Grayson stared down at him, but did not, at least, seem inclined to hit him. “Well, boy,” he rumbled at last. “You feared your father’s enemy enough to bring a weapon, I see. Silver bullets. Shall I understand that Edward actually encouraged you to involve yourself in black dog battles?”

“Not exactly, sir, but Papá thought we should be able to defend ourselves, especially when the war–”

“Do not parse law with me, boy! Did your father never teach you that our human kin stay out of the fighting?
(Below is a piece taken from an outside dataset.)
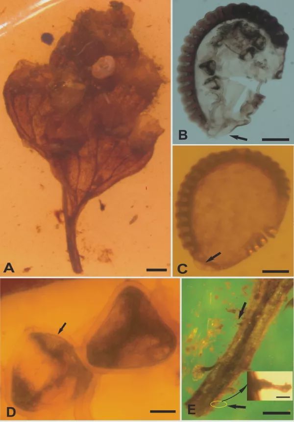 化石標(biāo)本在這方面卻具有獨(dú)特的優(yōu)勢(shì)。近年來(lái),緬甸琥珀研究持續(xù)升溫,對(duì)比緬甸琥珀內(nèi)昆蟲(chóng)化石的研究,緬甸琥珀中的蕨類(lèi)植物化石研究較少,先前僅有德國(guó)和美國(guó)研究者的幾例報(bào)道,而且報(bào)道過(guò)的類(lèi)群?jiǎn)我,均為水龍骨?lèi),其他類(lèi)群的研究尚未見(jiàn)報(bào)道。
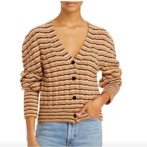 A.L.C. | Rebekah Striped Ribbed Wool-Blend Cardigan Sweater Size Medium

Which is for your own safety, boy; humans take their own wounds!”

“Staying back from the fighting didn’t protect your human kin,” Miguel pointed out, his calm voice sliding like an unexpected knife through the Master’s anger.

Grayson, taken aback, stared down at Miguel in a silence that might, Natividad was afraid, become far more dangerous than his previous anger. She shuddered, shifting closer to Alejandro, grateful for the arm he put around her shoulders.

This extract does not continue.